Packages and Dependencies
Hallucination and Direct Malicious Code
There are 2 stories today that bring some great attention to the nature of dependencies and how code packages we build on top of them are both not owned by our organizations and sometimes by no one. Additionally, seeing the use of AI to provide packages that simply don’t exist. This is less malicious at this time but points to a cybersecurity concern that is new to the AI age. So, what lessons can we gleam from these current events? Let’s crack in.
Headlines
Know your dependencies
We have seen many times before where some packages that underlies large sections of the internet are changed in some way and cause impact across the internet. The reporting by Advocatmack (all props for the nice dive and link to the details) shows how something that underlies something else becomes compromised and we are left to deal with the fallout. XRPL is a blockchain for business according to their own site. Now a package being affected that underlies the source code can bring the whole of the product into question.

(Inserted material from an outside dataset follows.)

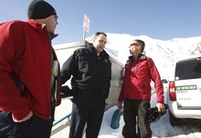 "The avalanche conditions are deceptively dangerous," said Craig Gordon, right, with the Forest Service Utah Avalanche Center talking with Unified Police Lt. Justin Hoyal, center, after one person died in an avalanche in the backcountry between Big and Little Cottonwood canyons on Saturday. A group of three people were skiing on Kessler Ridge, an area that drops down into Mineral Fork Canyon in Big Cottonwood Canyon, when the avalanche was triggered at about 11:30 a.m. Wasatch Backcountry Rescue and several other crews searched the area with dogs and were able to eventually locate the victim. Hoyal said the skier was found dead at the scene at about 12:45 p.m.
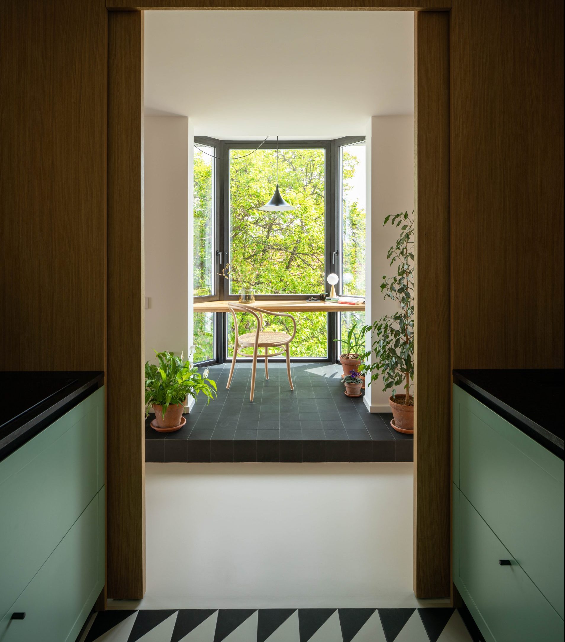 "Altro tema che ha guidato la ristrutturazione è la presenza del verde che si addentra nella casa attraverso le grandi finestre a sud e il bow-window (GALLERY QUI SOTTO) realizzato al posto di un balcone preesistente ed ora spazio contemplativo dentro al quale ci si sente come in una casetta sull’albero, completamente immersi nella chioma del grande albero di cachi che ne lambisce le vetrate. Uno spazio minimo che grazie ad un attento disegno dei dettagli ed una paziente cura nella scelta dei materiali, diventa un ambiente di grande valore a dispetto dei suoi pochissimi metri quadri".

Without more information we will not know if this is actively exploited or was added to the source code with malicious intent.
So do you know your organization’s dependencies. What is the source code that underlies your code base? This type of inventory, if it exists, is something that is likely to fall out of date as soon as we have it complete. One of the key factors is that developers are looking to move forward as quickly as possible, and cybersecurity tends not to be the first concern. This alignment of motivation creates issues between the CISO and the development team. However, when we put our organization on top of public code bases, we face the potential for our products or systems to be affected without any action on our part. Developers want to move quickly, and new packages can provide a way to move the whole of a project forward with little to no effort from the organization. The temptation is real and even needed for more complex solutions.
The lesson we can take is that we need to be involved in internal development and with the acquisition of new packages to ensure they are secure code bases to work from. Doing this is something far from easy to do. What we usually rely on is a SDLC that covers the usage of new packages or implementation into development. This is a larger topic than we can cover here but this is nearly an entire domain in the CISSP and so we will cover this there.
Secure Coding in the AI Age
The second article here covers the new issue of ‘slopsquatting’. This article is really worth a read as this is an entirely new topic. If a hallucination of a package can then be made real and infected creates a really interesting issue. However, the lesson here is the same for cybersecurity professionals. We must gain reigns over the development process at the beginning of any feature or product development. When we are there the c.s. professionals can provide insight and review to prevent the inclusion of unwanted or unreliable packages.